• **REQUIREMENT**: Would you copy the listing below exactly, keeping the pictures out?

• **DATA BLOCK**:

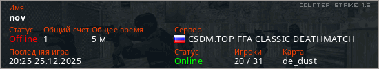 Играет на Counter Strike 1.6 сервере. Страна: РоссияПервый раз замечен 20:23 25.12.2025
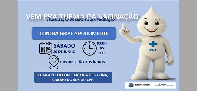 Neste sábado 29 de junho, haverá “ATUALIZAÇÃO DE CADERNETA E VACINAÇÃO”.
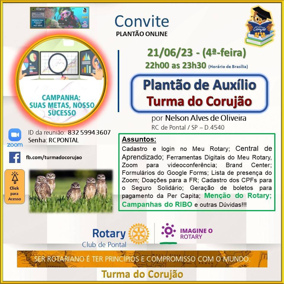 Cadastro e login no Meu Rotary; Central de Aprendizado; Ferramentas Digitais do Meu Rotary, Zoom para videoconferência; Brand Center; Formulários do Google Forms; Lista de presença do Zoom; Doações para a FR; Cadastro dos CPFs para o Seguro Solidário; Geração de boletos para pagamento da Per Capita; Menção do Rotary; Campanhas do RIBO e outras Dúvidas!!!
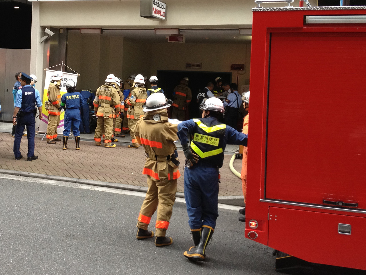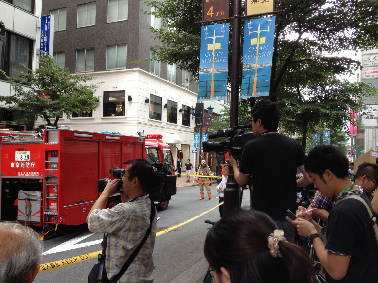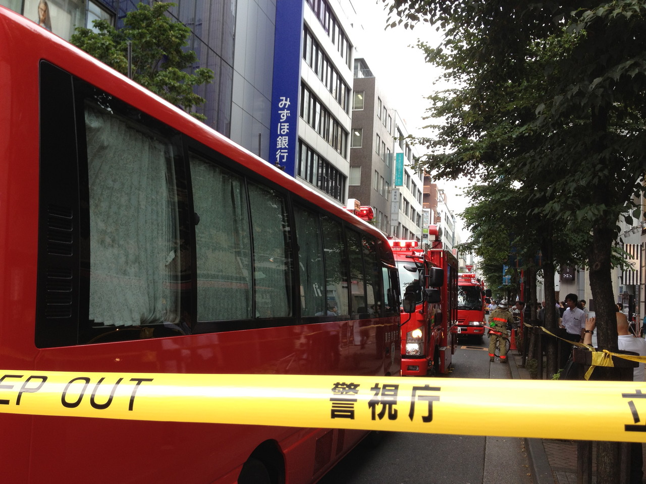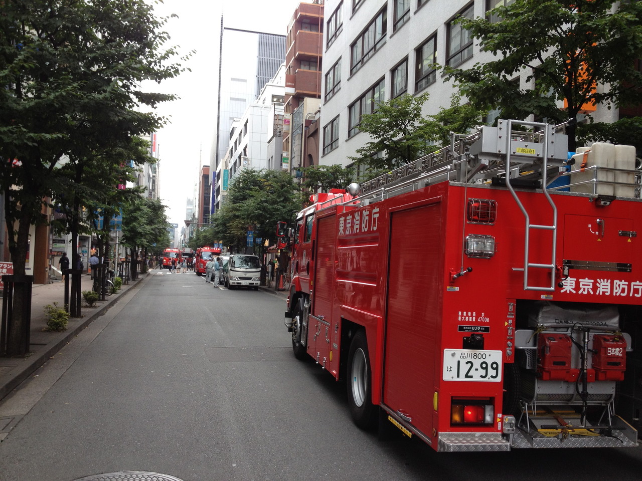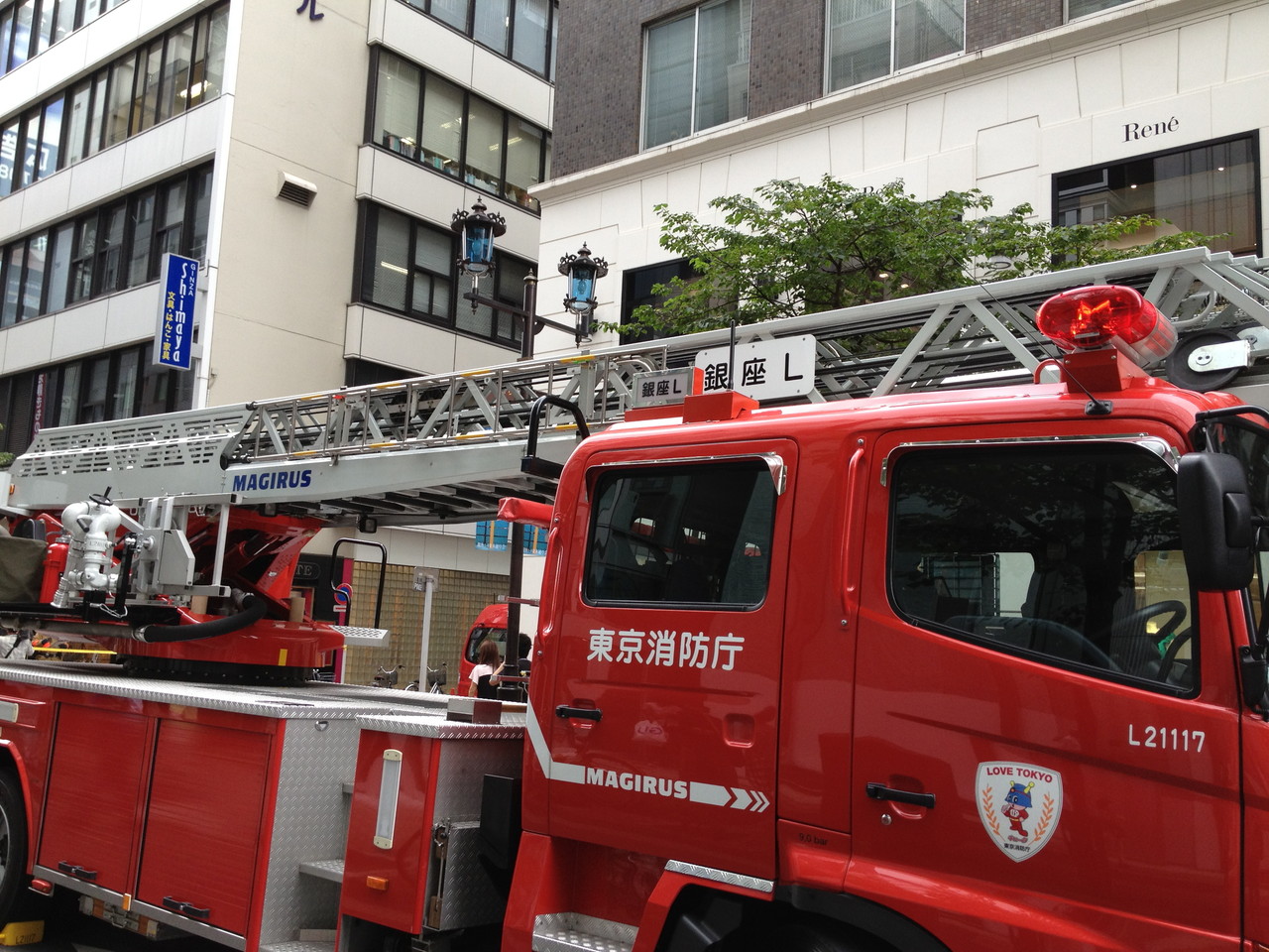 月曜日、お昼頃に地下鉄の銀座駅から地上に出て並木通りに入ろうとしたら、消防車が何台もいてビックリ。野次馬になってiPhoneで撮影する。

• **WORKED SOLUTION**:
 Играет на Counter Strike 1.6 сервере. Страна: РоссияПервый раз замечен 20:23 25.12.2025
 Neste sábado 29 de junho, haverá “ATUALIZAÇÃO DE CADERNETA E VACINAÇÃO”.
 Cadastro e login no Meu Rotary; Central de Aprendizado; Ferramentas Digitais do Meu Rotary, Zoom para videoconferência; Brand Center; Formulários do Google Forms; Lista de presença do Zoom; Doações para a FR; Cadastro dos CPFs para o Seguro Solidário; Geração de boletos para pagamento da Per Capita; Menção do Rotary; Campanhas do RIBO e outras Dúvidas!!!
 月曜日、お昼頃に地下鉄の銀座駅から地上に出て並木通りに入ろうとしたら、消防車が何台もいてビックリ。野次馬になってiPhoneで撮影する。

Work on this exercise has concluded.